Now I have to go port this to C#

[wraithZX]

I'll see if I can have a play with it on an IA64 machine here at work.

[ggg898]

Wow, many thanks for once again sharing a very useful software lib. Have no time to look at it now right now. Does it do rebasing?

[Cypher]

Quote:

Originally Posted by ggg898

Wow, many thanks for once again sharing a very useful software lib. Have no time to look at it now right now. Does it do rebasing?

Relocations are something which I am in the process of adding.

You can't rebase a module on disk yet, but I want to be able to relocate a module in-memory. Reason being is I'm writing my own PE loader so I can do a DLL manual mapper and a EXE memory forker.

Rebasing on disk will come later, however the Windows SDK can do that for you already.

[wraithZX]

Quote:

Originally Posted by Cypher

Reason being is I'm writing my own PE loader so I can do a DLL manual mapper and a EXE memory forker.

It seems I'm not the only one.
If you haven't done so, I'd suggest having a look at the ReactOS source on loading modules - it doesn't support everything but it's a nice base to work on the rest of it.

[Cypher]

Quote:

Originally Posted by wraithZX

It seems I'm not the only one.
If you haven't done so, I'd suggest having a look at the ReactOS source on loading modules - it doesn't support everything but it's a nice base to work on the rest of it.

Nah, I'm reversing the Windows PE loader. It's a longer process, but likely to be more accurate.

[flo8464]

Very nice work.

One of the things I ever wanted to do is a rewrite of CreateProcess so I can use it with data in Memory instead of having to set .exe-files on my hdd.

[Cypher]

Quote:

Originally Posted by flo8464

Very nice work.

One of the things I ever wanted to do is a rewrite of CreateProcess so I can use it with data in Memory instead of having to set .exe-files on my hdd.

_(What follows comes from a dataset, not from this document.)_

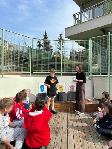 11 Μαρτίου 2026Με μεγάλη χαρά οι μαθητές της Ε΄ και Στ΄ τάξης στο πλαίσιο του μαθήματος των Γαλλικών υποδέχθηκαν στο Σχολείο μας τις εκδόσεις Trait d'Union με στόχο την ενημέρωση για το περιβάλλον και την ανακύκλωση. Τα παιδιά είχαν την ευκαιρία να γνωρίσουν το σύστημα ανακύκλωσης στη Γαλλία, να μάθουν για τους διαφορετικούς κάδους ανακύκλωσης και τα υλικά που τοποθετούνται σε καθέναν από αυτούς, ενώ παράλληλα να εμπλουτίσουν το λεξιλόγιό τους στα γαλλικά μέσα από βιωματικές και διαδραστικές δραστηριότητες. Τα Πρότυπα Εκπαιδευτήρια Θεσσαλονίκης ως πιστοποιημένο αειφόρο Σχολείο προωθεί δράσεις με σκοπό την καλλιέργεια της περιβαλλοντικής ευαισθητοποίησης και την υιοθέτηση υπεύθυνης στάσης ζωής. Μέσα από τη διδασκαλία των ξένων γλωσσών δίνεται η δυνατότητα στους μαθητές να γίνουν ενεργοί και συνειδητοποιημένοι πολίτες του κόσμου.

Thats what I was referring to when I said "EXE memory forker". It's a fairly big job if you want to do it in a stable and reliable manner though. Be prepared to invest a lot of time.

[Cypher]

Post updated with latest revision.

[wraithZX]

PeDump_IA64.exe:

Code:

Export Directory:
  Name: "?Exp1@@YAXXZ". Ordinal: 0000. Function: "00099FE0". 
  Name: "?Exp2@@YAHAEBV?$basic_string@DU?$char_traits@D@std@@V?$allocator@D@2@@std@@@Z". Ordinal: 0001. Function: "000998C8". 
  Name: "?Exp3@@YAXJ@Z". Ordinal: 0002. Function: "00099FE0". 

Import Directory:
  Module Name: "KERNEL32.dll".
    Name: "GetModuleHandleW". Function: 00000000000AE710.
    Name: "WideCharToMultiByte". Function: 00000000000AE732.
    Name: "MultiByteToWideChar". Function: 00000000000AE748.
    Name: "Sleep". Function: 00000000000AE75E.
    Name: "InitializeCriticalSection". Function: 00000000000AE766.
    Name: "DeleteCriticalSection". Function: 00000000000AE782.
    Name: "EnterCriticalSection". Function: 00000000000AE79A.
    Name: "LeaveCriticalSection". Function: 00000000000AE7B2.
    Name: "TerminateProcess". Function: 00000000000AE7CA.
    Name: "GetCurrentProcess". Function: 00000000000AE7DE.
    Name: "UnhandledExceptionFilter". Function: 00000000000AE7F2.
    Name: "SetUnhandledExceptionFilter". Function: 00000000000AE80E.
    Name: "IsDebuggerPresent". Function: 00000000000AE82C.
    Name: "RtlCaptureContext". Function: 00000000000AE840.
    Name: "GetLastError". Function: 00000000000AE854.
    Name: "HeapFree". Function: 00000000000AE864.
    Name: "RaiseException". Function: 00000000000AE870.
    Name: "RtlPcToFileHeader". Function: 00000000000AE882.
    Name: "RtlLookupFunctionEntry". Function: 00000000000AE896.
    Name: "RtlUnwindEx". Function: 00000000000AE8B0.
    Name: "RtlUnwind2". Function: 00000000000AE8BE.
    Name: "GetVersion". Function: 00000000000AE8CC.
    Name: "GetCPInfo". Function: 00000000000AE8DA.
    Name: "LCMapStringA". Function: 00000000000AE8E6.
    Name: "LCMapStringW". Function: 00000000000AE8F6.
    Name: "GetStringTypeW". Function: 00000000000AE906.
    Name: "RtlVirtualUnwind". Function: 00000000000AE918.
    Name: "HeapAlloc". Function: 00000000000AE92C.
    Name: "EncodePointer". Function: 00000000000AE938.
    Name: "DecodePointer". Function: 00000000000AE948.
    Name: "FlsGetValue". Function: 00000000000AE958.
    Name: "FlsSetValue". Function: 00000000000AE966.
    Name: "FlsFree". Function: 00000000000AE974.
    Name: "SetLastError". Function: 00000000000AE97E.
    Name: "GetCurrentThreadId". Function: 00000000000AE98E.
    Name: "FlsAlloc". Function: 00000000000AE9A4.
    Name: "HeapSetInformation". Function: 00000000000AE9B0.
    Name: "HeapCreate". Function: 00000000000AE9C6.
    Name: "WriteFile". Function: 00000000000AE9D4.
    Name: "GetStdHandle". Function: 00000000000AE9E0.
    Name: "GetModuleFileNameA". Function: 00000000000AE9F0.
    Name: "GetProcAddress". Function: 00000000000AEA06.
    Name: "ExitProcess". Function: 00000000000AEA18.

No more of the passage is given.